In the mid 1980s, Barry Devlin, a research associate of IBM in Ireland, wrote
an article discussing an "information warehouse." The article was written in
the IBM Systems Journal. The article went on to address some vague and
generally undefined concepts about the thing called an "information
warehouse."'
Bill - please check YOUR facts before going into print.
My (and Paul Murphy's) 1988 IBM Systems Journal article described an
architecture, of which the key component was the "Business Data
Warehouse". It was far from vague, although it was certainly high
level. It introduced and defined many of the concepts that continue to be
at the core of the data warehouse today. Since IBM still owns copyright
on the full article, I can't publish it here, but here is the key figure from it, and FACT - it
does use the term "data warehouse" and define it with sufficient
clarity that most people would accept it as the forerunner of the data
warehouse today.
And here is the link to the full document on
the IBM website, although you now have to pay to download it.

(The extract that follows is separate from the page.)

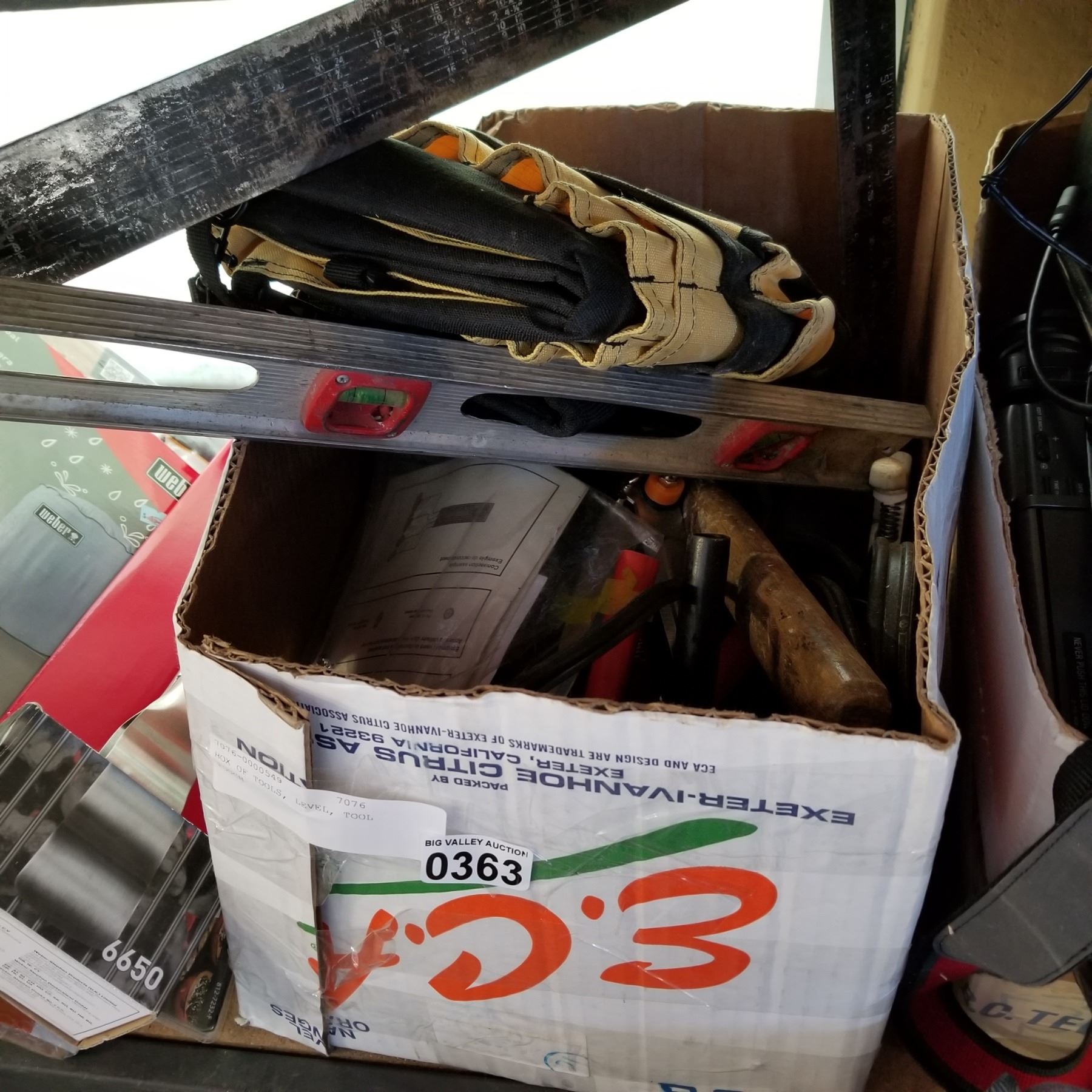 BOX OF TOOLS, LEVEL, TOOL POUCH
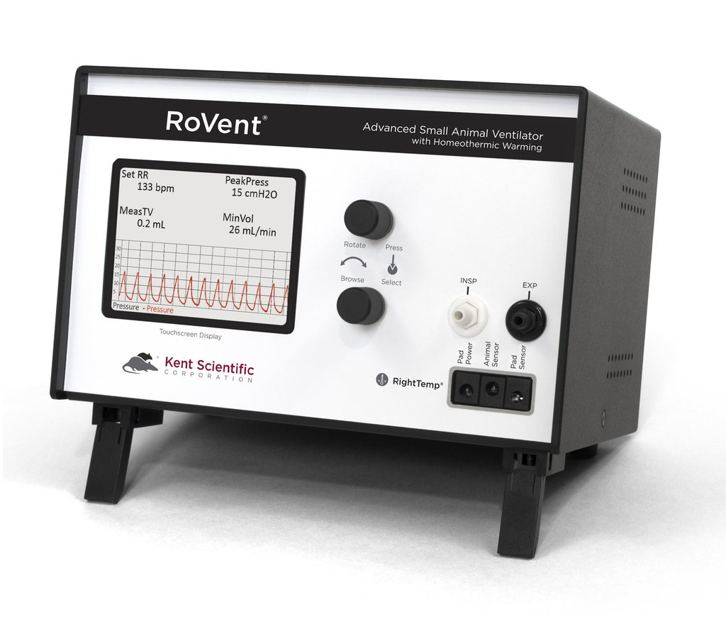 Small Animal Ventilator RoVent® is ideal for mice, rats, and guinea pigs weighing up to 1250 grams. The ventilator is fully automatic; simply enter the animal's weight and press the Run button. Ventilation control is achieved by adjusting volume or pressure. The advanced RoVent® model allows measurement of several physiological parameters of the anesthetized animal. Integrated PEEP, sigh breaths, and other advanced features make RoVent® suitable for a wide range of procedures.

I can also state as a FACT that I and others within IBM Europe were using the
term "data warehouse" internally as early as 1985-86. However,
despite widespread search, I have never found the term used in the public domain
before my 1988 paper.
Furthermore, it is a well-known and easily discoverable FACT that IBM announced
the "Information Warehouse" in 1991.
And Bill - if you're really keen on facts - I suggest that you edit your own
bio: "Bill is universally recognized as the father of the data
warehouse." By my dictionary, "universally recognized"
means that literally everybody accepts the attribution. Clearly, some would
disagree...
Posted August 6, 2009 8:49 AM
Permalink | 1 Comment |




I always though Inmon's claim was inflated. Now I have proof.
Being the father of something suggests giving birth and nuturing the entire analytic industry along. Inmon's contribution appears to be he wrote some public definitions and a book. Naming and defining something is not the same as making it happen.
Consider that Pilot Software was running analytic financial analysis on Dec VAX in 1986. Today we call this CPM. Britton-Lee was founded in 1979 to build database machines (more correctly data mart machines) and sold a boat load of them until they got bought 1989. Of course, the IBM Mainframe using DB2 was being heavily used for data marts in the 1980s -- I know, I was there. Then Teradata comes along with Neches and Walter and design the first parallel beasty that will be the cornerstone of the industry for years. Let's also not ignore the contributions of major BI Tools vendors in making this market such as startups like Cognos, Microstrategy, and Business Objects. And wasn't SAS building mainframe marts in the 1970s so people could control mainframe workloads? Inmon did not father any of this.
Shall we quibble whether every one of these vendors and products fits Inmon's definition? He would like that. I say no. True data warehouses did not appear until WalMart showed Teradata the real power of parallel SQL in the mid-1990s. Up until then, AT&T and BT were hammering out humongous data marts in the 1980s. Did Inmons published definitions have any influence on these marts and warehouse? Probably not. Or maybe a smidgen. Good people did magnificent things long before anyone had heard of Bill Inmon.
OK. So if Inmon is the father of something, does he really claim the good work of all these customers and vendors all sprang from his gudiance? A better question than "who invented the term data warehouse?" would be "who was it that told Inmon he was the father?"